Unified polled result shape (GET /api/jobs/{job_id}):

  • matches[] — each entry: {repository_alias, scan_index, pattern_name, file_path, line_number, pattern, snippet, ...}.
  • errors[]error_level="repo" (no scan_index) or error_level="cell" (with scan_index).
  • evaluation_errors[] — per-file evaluator failures: {repository_alias, scan_index, file_path, error_type, error_message}.
  • Counters: total_repos, total_scans, total_cells, repos_completed.
  • Flags: partial (bool), timeout (bool), cancelled (bool).

partial=True triggers: any repo error, any cell error, any evaluation_error, timeout, cancellation, or per-cell partial=True (max_results cap hit).

REST shim: POST /api/xray/search/batch in src/code_indexer/server/routes/xray_routes.py. Converts Pydantic body to params dict, delegates to handle_xray_search_batch, translates MCP error envelope to HTTP status codes.

Tool doc: src/code_indexer/server/mcp/tool_docs/search/xray_search_batch.md. Registered in HANDLER_REGISTRY via _legacy.py (_xray_batch_register).

Files: src/code_indexer/server/mcp/handlers/xray_batch.py, src/code_indexer/server/routes/xray_routes.py. Tests: tests/unit/server/mcp/test_xray_search_batch_handler.py.

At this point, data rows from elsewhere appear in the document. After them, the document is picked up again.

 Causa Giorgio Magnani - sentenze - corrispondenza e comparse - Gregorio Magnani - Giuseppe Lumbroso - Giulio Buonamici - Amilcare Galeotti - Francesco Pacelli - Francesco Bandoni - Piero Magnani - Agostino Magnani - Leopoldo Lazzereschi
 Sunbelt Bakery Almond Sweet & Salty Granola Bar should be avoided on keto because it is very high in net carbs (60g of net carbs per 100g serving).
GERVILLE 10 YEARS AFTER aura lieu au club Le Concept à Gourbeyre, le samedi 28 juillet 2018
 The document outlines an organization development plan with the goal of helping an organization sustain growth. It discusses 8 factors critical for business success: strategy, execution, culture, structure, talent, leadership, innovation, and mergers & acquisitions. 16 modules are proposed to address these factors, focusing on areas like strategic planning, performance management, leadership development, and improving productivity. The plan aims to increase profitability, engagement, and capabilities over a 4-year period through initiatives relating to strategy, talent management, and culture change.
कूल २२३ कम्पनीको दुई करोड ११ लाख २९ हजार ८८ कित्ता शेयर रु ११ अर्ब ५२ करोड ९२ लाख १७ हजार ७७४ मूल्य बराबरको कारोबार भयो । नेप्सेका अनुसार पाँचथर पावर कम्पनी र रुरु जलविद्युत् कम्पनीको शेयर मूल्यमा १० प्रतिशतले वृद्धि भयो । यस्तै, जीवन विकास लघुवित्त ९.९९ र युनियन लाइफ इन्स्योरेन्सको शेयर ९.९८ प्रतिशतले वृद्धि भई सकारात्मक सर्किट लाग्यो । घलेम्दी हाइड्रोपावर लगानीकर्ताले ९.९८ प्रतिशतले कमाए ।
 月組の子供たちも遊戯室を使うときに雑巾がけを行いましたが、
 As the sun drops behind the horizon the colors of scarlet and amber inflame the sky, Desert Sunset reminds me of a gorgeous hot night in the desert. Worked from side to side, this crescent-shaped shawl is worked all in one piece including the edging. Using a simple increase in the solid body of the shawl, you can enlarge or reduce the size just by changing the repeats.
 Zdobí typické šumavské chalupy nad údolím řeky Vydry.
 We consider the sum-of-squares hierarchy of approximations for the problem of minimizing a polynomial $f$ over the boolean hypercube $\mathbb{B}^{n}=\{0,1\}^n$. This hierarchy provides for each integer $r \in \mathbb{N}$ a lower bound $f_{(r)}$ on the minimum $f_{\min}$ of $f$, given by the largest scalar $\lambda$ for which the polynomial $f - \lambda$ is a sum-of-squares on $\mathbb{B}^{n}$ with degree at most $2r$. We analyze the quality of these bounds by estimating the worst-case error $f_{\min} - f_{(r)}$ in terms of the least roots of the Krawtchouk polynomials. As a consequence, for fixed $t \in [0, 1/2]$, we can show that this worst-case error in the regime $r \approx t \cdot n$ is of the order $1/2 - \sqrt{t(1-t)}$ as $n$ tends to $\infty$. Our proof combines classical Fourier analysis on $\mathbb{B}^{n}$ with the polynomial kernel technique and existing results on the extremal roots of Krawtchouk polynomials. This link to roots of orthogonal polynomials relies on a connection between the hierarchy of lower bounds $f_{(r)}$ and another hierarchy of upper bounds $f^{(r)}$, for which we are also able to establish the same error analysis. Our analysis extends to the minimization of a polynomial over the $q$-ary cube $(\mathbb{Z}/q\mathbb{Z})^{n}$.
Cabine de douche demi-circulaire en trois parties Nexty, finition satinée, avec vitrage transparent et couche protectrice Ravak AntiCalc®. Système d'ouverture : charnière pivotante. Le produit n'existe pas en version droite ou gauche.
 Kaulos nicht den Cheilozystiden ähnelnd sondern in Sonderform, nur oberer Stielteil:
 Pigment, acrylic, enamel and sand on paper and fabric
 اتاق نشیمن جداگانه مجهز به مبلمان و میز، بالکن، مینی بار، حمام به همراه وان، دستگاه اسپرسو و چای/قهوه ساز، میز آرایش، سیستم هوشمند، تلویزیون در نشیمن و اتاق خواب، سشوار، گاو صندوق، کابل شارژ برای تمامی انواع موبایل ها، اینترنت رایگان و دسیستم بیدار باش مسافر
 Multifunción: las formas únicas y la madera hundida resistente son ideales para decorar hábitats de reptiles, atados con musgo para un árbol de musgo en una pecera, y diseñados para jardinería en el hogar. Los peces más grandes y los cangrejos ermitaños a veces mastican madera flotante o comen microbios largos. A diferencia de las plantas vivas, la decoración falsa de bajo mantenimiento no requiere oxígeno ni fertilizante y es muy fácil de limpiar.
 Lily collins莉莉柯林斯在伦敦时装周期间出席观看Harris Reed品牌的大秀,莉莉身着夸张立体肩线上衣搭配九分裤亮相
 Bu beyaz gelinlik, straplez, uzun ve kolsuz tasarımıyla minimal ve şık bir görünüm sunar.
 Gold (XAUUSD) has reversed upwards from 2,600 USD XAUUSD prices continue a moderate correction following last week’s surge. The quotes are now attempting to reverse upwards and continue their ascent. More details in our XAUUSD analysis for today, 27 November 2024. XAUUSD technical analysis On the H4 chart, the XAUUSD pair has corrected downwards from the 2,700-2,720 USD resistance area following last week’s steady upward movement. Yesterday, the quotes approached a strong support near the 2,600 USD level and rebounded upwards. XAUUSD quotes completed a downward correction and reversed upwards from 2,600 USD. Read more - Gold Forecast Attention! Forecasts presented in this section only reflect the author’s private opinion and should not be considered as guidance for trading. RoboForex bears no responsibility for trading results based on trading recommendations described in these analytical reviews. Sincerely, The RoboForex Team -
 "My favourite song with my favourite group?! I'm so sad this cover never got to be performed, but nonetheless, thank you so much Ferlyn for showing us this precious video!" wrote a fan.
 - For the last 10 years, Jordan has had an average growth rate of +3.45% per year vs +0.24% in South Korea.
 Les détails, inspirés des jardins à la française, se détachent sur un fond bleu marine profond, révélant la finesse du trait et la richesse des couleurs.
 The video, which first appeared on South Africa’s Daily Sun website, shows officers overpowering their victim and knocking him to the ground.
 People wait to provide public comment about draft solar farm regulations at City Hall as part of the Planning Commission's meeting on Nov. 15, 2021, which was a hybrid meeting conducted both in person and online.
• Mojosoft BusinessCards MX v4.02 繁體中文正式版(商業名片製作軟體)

Sandbox: current allowed nodes

The PythonEvaluatorSandbox.ALLOWED_NODES whitelist admits statement-level control flow, arithmetic, list comprehensions, and function definitions. The allowed groups:

  • Group C — statement-level control flow: If (statement-level if/elif/else), For (statement-level for-loop), While (statement-level while-loop), Break, Continue, Pass. Iteration is bounded by the subprocess HARD_TIMEOUT_SECONDS (5.0 s) — infinite loops surface as EvaluatorTimeout, not validation rejection.
  • Group E — arithmetic binary ops: BinOp plus operator abstract base (covers Add, Sub, Mult, Div, Mod, etc.).
  • Group G — function definitions: FunctionDef, arguments, arg. Lambda is NOT allowed.
  • Group B — comprehensions: comprehension, GeneratorExp, ListComp, IfExp. SetComp and DictComp are NOT allowed.

SAFE_BUILTIN_NAMES (8 total): len, any, all, range, enumerate, sorted, min, max. Type constructors (str, int, bool, list, dict, etc.), introspection (isinstance, hasattr, type), and exception types are NOT available.

Still banned at validation time (rejected before any subprocess is spawned): class, async def, lambda, with, async with, global, nonlocal, async, await, yield, yield from, try/except/raise, all imports (import X, from X import Y), SetComp, DictComp. Plus dunder Attribute and Subscript access (__class__, __globals__, __import__, etc. — see DUNDER_ATTR_BLOCKLIST in sandbox.py).